Sturdy as a three-legged stool

the Landlady rubs her crimped knees.

 

At last she notices me

waiting to negotiate

a price for this apartment.

I have been here for years.

 

How much? I ask.

 

She shouts—goddam—

at the handyman

whose work is so inept

it could be a performance piece.

 

He fumbles with screws,

box cutters—

undoing her work.

 

The Landlady rips the sheeting

from the window.

 

Jesus, she’s gotten old.  

As have I—

waiting in a corner,

draped in cobwebs

like a veil.

 

Do I want this restoration?

 

It will cost everything I have.


December 19, 2020

Haunted

 (12/19/2020 c)


I like to sit in bars and look for the ghosts of old boyfriends.
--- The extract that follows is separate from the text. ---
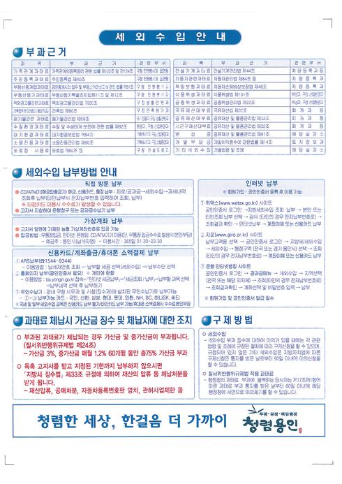 이 청렴 세외수입 고지서 하단에는 ‘청렴한 세상, 한걸음 더 가까이 청렴용인’라는 문구가 찍혀 있다.

I haven’t had a single sighting yet.

 

Of course, chairs rattle. Floorboards creak

as an unseen hulk passes like a cold, winter draft.

 

Sometimes there is a silhouette, a fleeting

but distinctly human shadow cast in tease.

 

Once I took a photograph, hoping for orb backscatter.
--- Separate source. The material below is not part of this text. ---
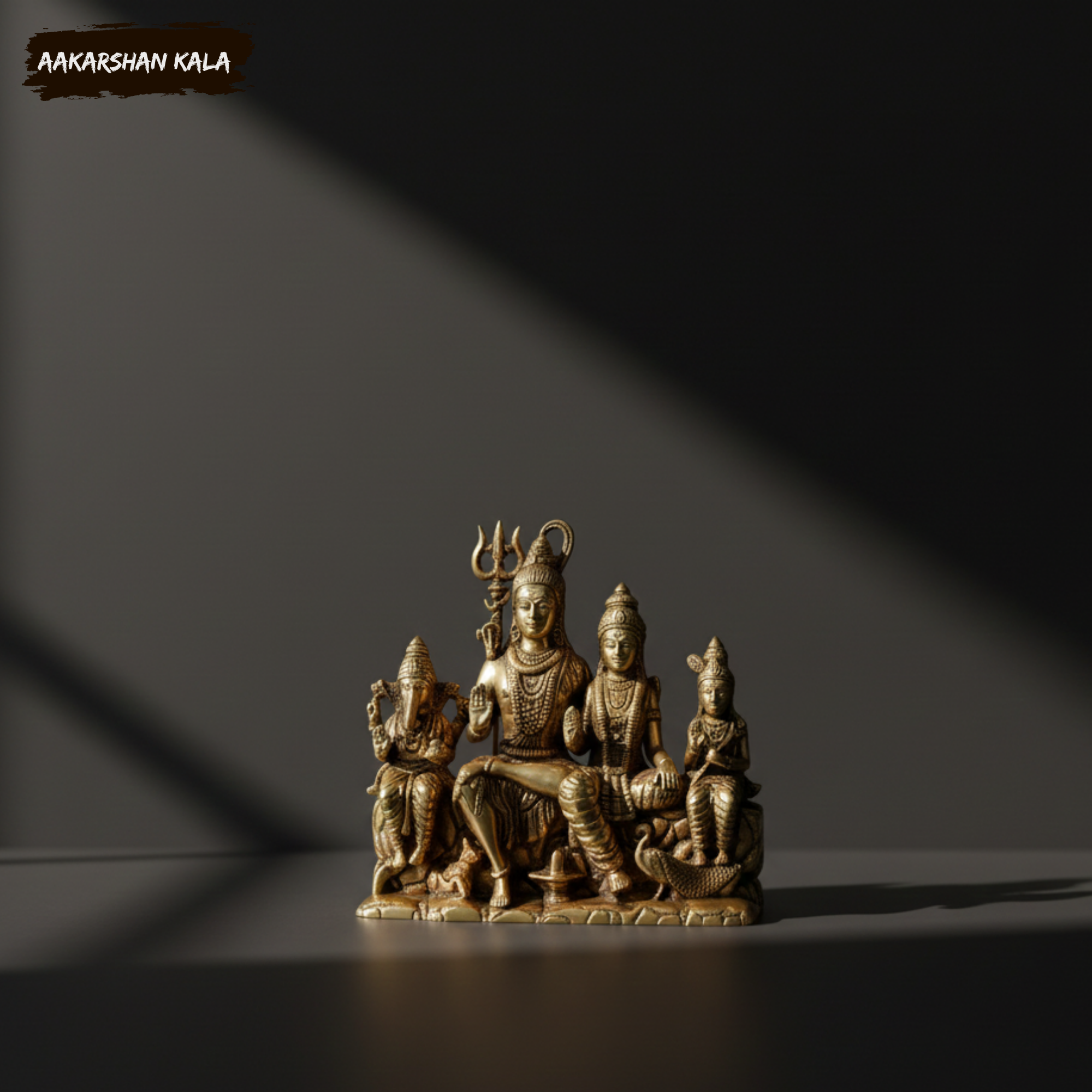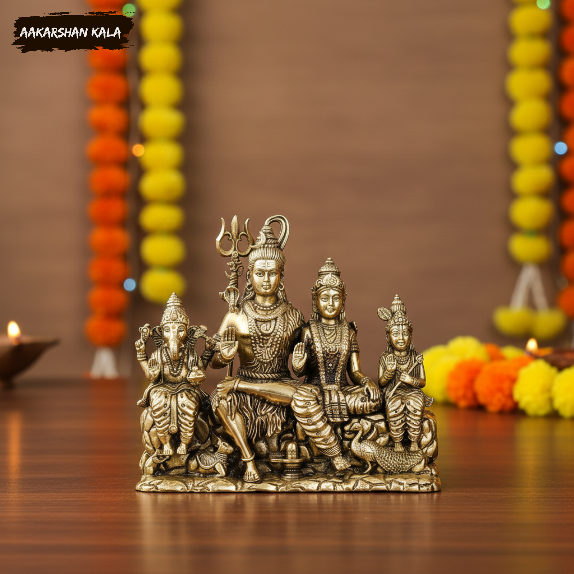 Adorn your home with this beautifully handcrafted Brass Shiv Parivar Idol, an artistic representation of divine unity, love, and harmony. Featuring Lord Shiva, Goddess Parvati, and Lord Ganesha together, this idol symbolizes protection, auspiciousness, and completeness in family life.

Instead I captured three pool players giving me the finger.

 

Electromagnetic field detectors don’t work.

Hunting is all guess, imagination and wild conjecture.

 

I wish just one man was here. 

There is danger in investigating alone.

I always pack gauze and ointment.

 

What would I say if I saw them,

if they saw me seeing them?

 

It all seems cruel—

to say I equate their dying with abandonment.

 

They should have attended to their blood pressure,

the faulty heart, the lure of pills,

the second chances were last chances.

 

That I take their deaths personally.

 

Crueler still—

to tell them what I’ve done since they left: 

all those Mai Tais, the faux honeymoon in Vegas,

in Mexico, the lovers and one-night stands,

especially the one who knew all the right moves,

 

the books they recommended that I didn’t read,

the blood, the spleen, the body,

all that terrifying breathing,

 

the letting go.

The letting go. 

Red

(12/19/2020)(c) 


Roses are red, Mary Beth. And red is a lure.
Fertile availability; a berry in the bush.
How relative red is. That passionate stop sign,
the burning poker in the fire, a graded paper.
 
Without refraction the only hue is black
-drenched invisibility
-a put-your-hands-out and don’t fall colorlessness.
 
Mary Beth, you said, “black feels like fear.”
I am fearless and unapologetically wear black every day.
Who needs lamplight when there is skin?
Put out your hands when you sense me coming.